Senate Kills Every Immigration Proposal

If Mitch McConnell set up an immigration debate hoping nothing would happen, he’s getting his wish. Photo: Aaron P. Bernstein/Getty Images

The Great Senate Immigration Debate of 2018 came a cropper today as the Senate failed to give any of an assortment of immigration proposals the 60 votes needed to overcome a filibuster.

The most promising proposal — a bipartisan bill (it had eight GOP and eight Democratic co-sponsors) that provided what the president had asked for in border-control funding and what the president had proposed in a path to citizenship for Dreamers — got only 54 votes (though three liberal Democrats appeared to vote against it only when it was obvious that it was going to fail). Its failure was largely attributable to a frantic lobbying effort from the administration culminating in a Trump veto threat.

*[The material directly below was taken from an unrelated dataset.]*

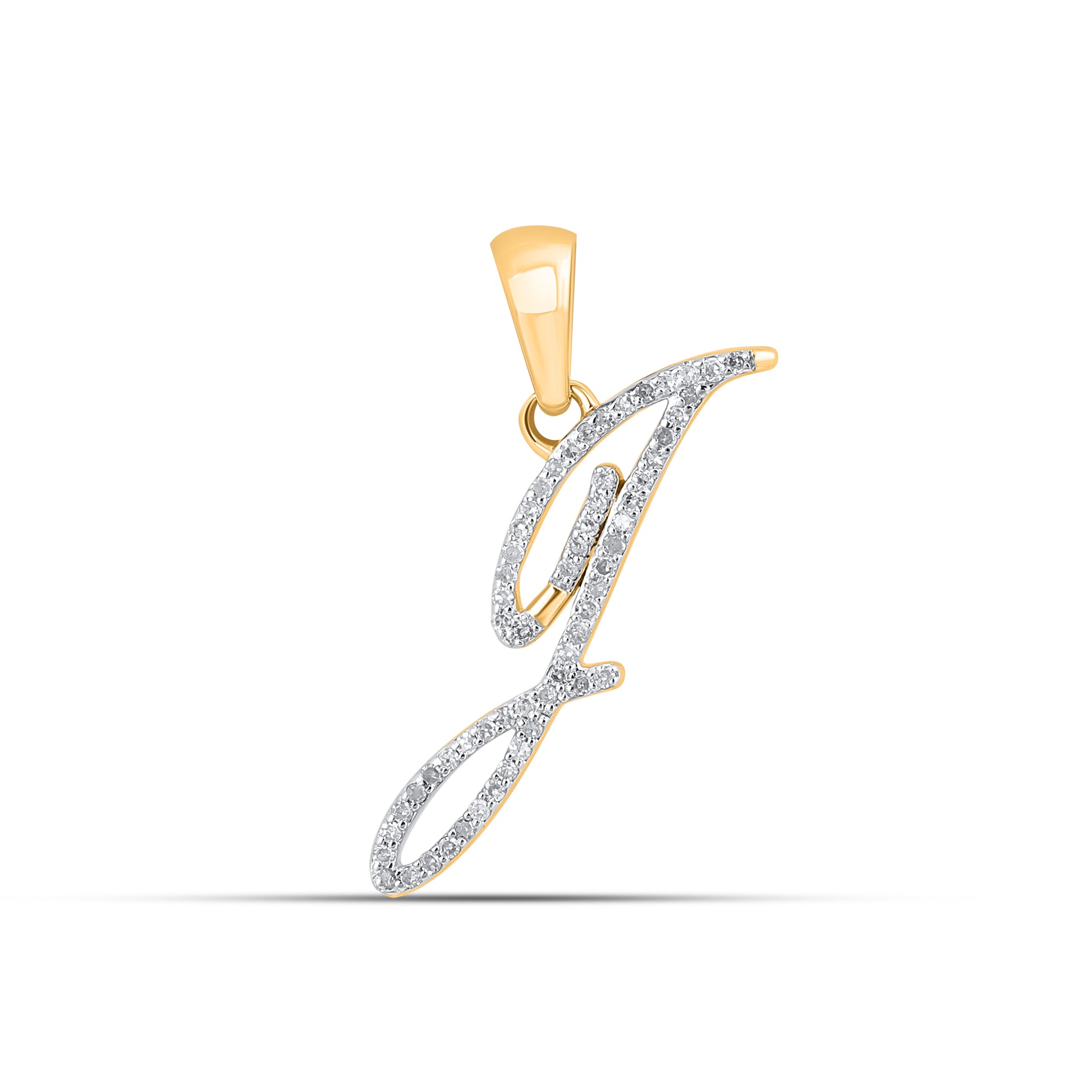 10K Yellow Gold Round Diamond J Letter Initial Pendant 1/10 Cttw

This negative win for the administration didn’t translate into any positive accomplishment because the Senate also decisively (by a 60/39 margin) rejected the Grassley bill closely modeled on Trump’s own proposal. It did attract one Democrat, Joe Manchin, but lost a lot of Republicans.

The Senate also gave only 52 votes to a “skinny” bill from John McCain and Chris Coons that would have matched less extensive border-security funding commitments with less sweeping Dreamer protections. And in a vote that was designed mainly to set up attack ads on Senate Democrats, Pat Toomey’s proposal to deny certain grants to “sanctuary cities” (a legislative version of an administration proposal struck down in the courts) got only 54 votes.

There’s theoretically another day left before Congress books for its Presidents’ Day recess. But the Senate votes eliminated every lively option on the table, and that’s without even considering the high odds against House consideration of any bill that could get 60 votes in the Senate.

The administration apparently thinks the rejection of bipartisan proposals will eventually force Democrats to bend to Trump’s will, according to Politico:

The White House has been telling Republican senators that it expects the Supreme Court to overturn the 9th U.S. Circuit Court of Appeals’ ruling extending protections for undocumented immigrants under the Obama-era Deferred Action for Childhood Arrivals program. The implication is that what is now an indefinite grace period would quickly disappear — and that Democrats would be without leverage and forced to accept more Republican demands in order to codify DACA.

We’ll see about that. But for the moment, nothing’s about to happen on the immigration front, and that’s apparently fine with Donald J. Trump.